-- Opening Marker --
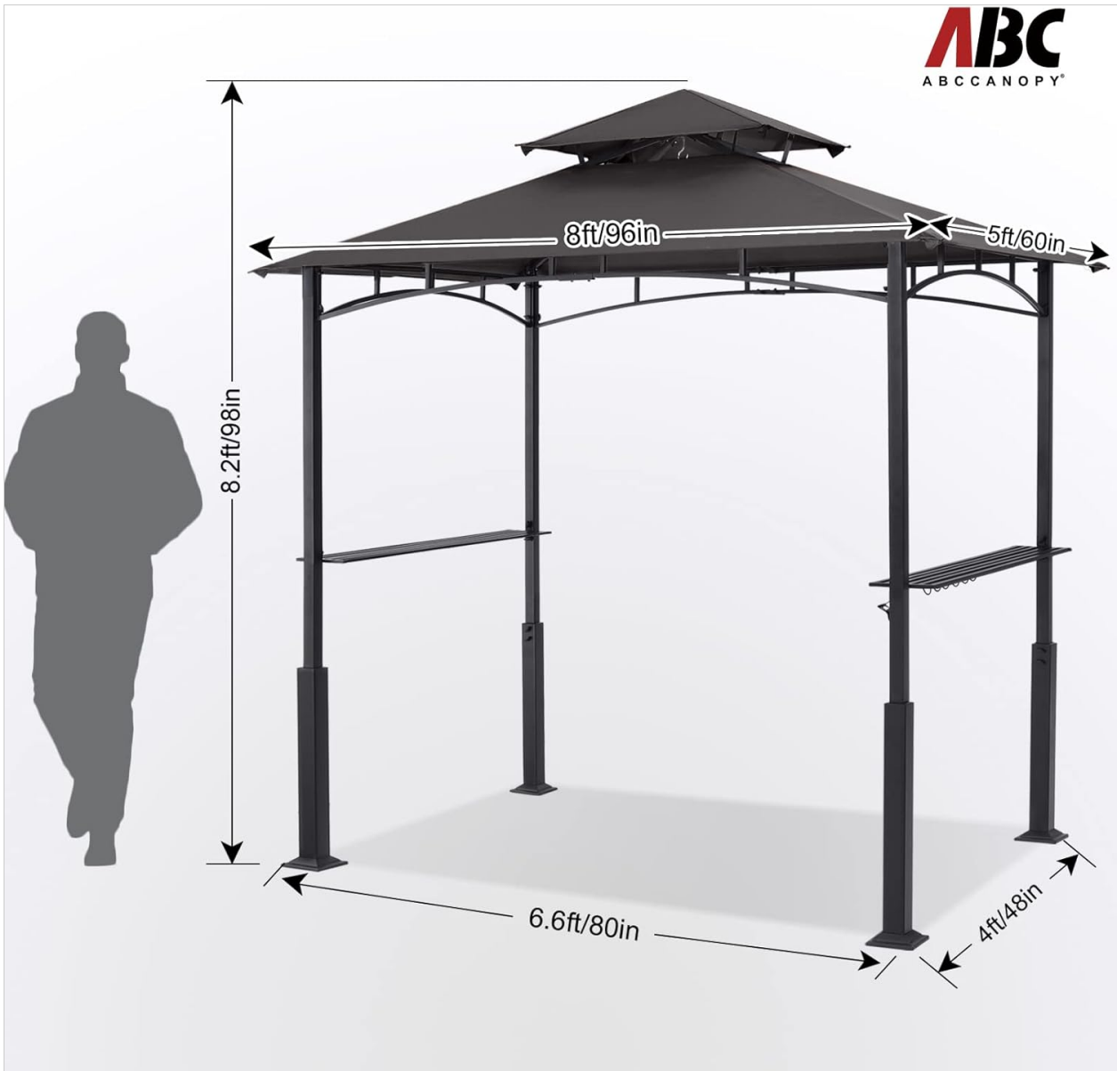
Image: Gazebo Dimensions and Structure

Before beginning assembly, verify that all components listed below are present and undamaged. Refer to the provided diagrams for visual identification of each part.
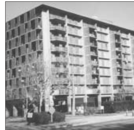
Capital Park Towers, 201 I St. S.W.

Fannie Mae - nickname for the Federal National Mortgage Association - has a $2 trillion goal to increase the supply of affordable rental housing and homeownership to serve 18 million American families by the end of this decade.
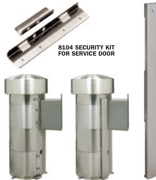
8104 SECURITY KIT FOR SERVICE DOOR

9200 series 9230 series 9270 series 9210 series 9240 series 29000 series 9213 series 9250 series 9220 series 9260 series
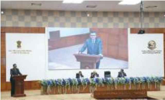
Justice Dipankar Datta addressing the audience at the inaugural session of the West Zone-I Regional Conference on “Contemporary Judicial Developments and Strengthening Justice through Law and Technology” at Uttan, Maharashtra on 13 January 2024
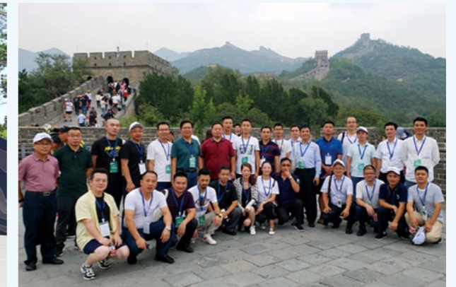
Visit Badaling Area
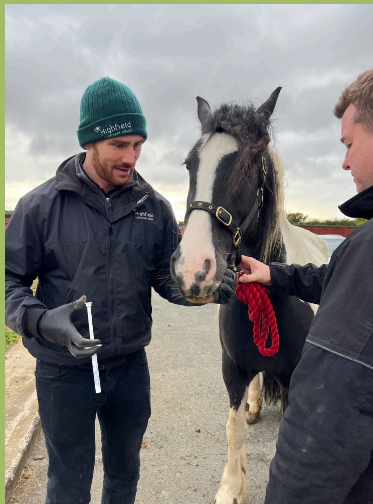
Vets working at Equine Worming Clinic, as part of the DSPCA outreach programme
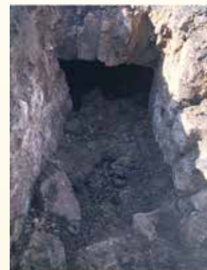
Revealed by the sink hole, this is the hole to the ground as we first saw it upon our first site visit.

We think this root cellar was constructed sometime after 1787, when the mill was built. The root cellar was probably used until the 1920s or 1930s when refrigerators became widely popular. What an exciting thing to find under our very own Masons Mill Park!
-- Closing Marker --
-- Opening Marker --
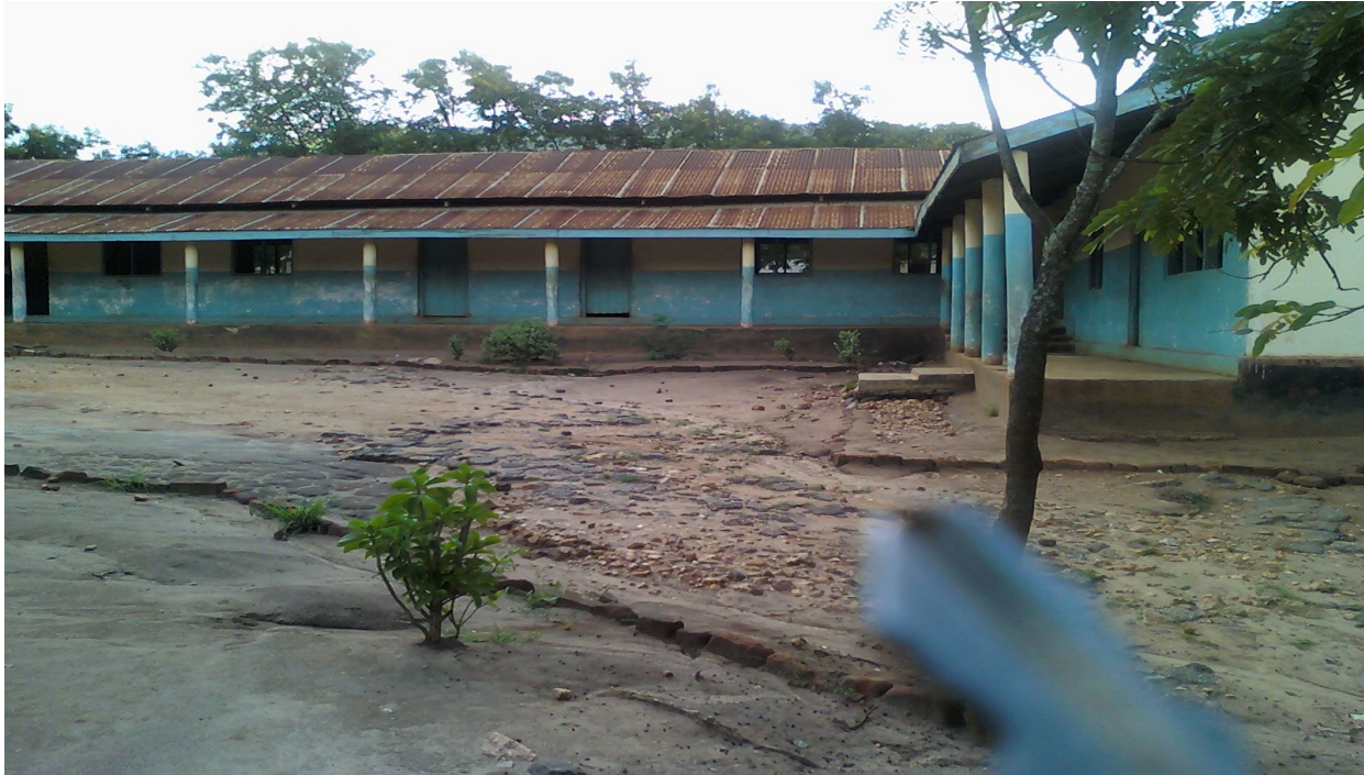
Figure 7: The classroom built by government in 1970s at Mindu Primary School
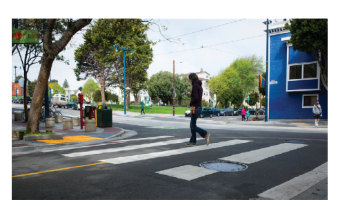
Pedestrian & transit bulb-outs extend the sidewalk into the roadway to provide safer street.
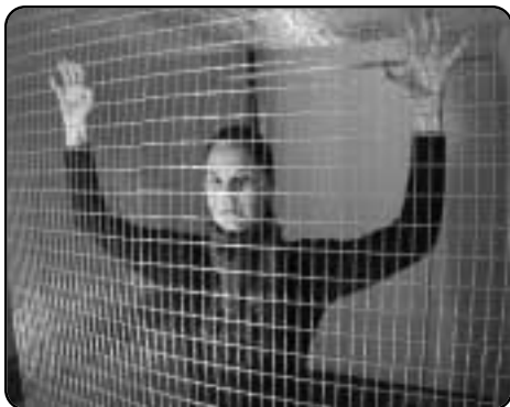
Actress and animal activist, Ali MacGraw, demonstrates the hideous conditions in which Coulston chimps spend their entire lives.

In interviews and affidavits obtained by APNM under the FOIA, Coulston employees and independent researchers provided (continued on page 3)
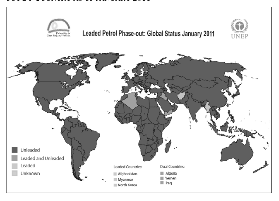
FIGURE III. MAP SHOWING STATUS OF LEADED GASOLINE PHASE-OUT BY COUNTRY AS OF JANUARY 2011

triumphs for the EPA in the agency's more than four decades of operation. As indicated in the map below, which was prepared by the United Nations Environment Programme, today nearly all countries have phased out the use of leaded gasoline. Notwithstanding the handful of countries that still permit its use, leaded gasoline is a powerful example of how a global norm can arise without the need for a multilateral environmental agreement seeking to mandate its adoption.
-- Closing Marker --
Problem requirements: From the records above, give again exactly the lines running from the line with "8104 SECURITY KIT FOR SERVICE DOOR" to the line with "9200 series 9230", inclusive.

Written solution:
8104 SECURITY KIT FOR SERVICE DOOR

9200 series 9230 series 9270 series 9210 series 9240 series 29000 series 9213 series 9250 series 9220 series 9260 series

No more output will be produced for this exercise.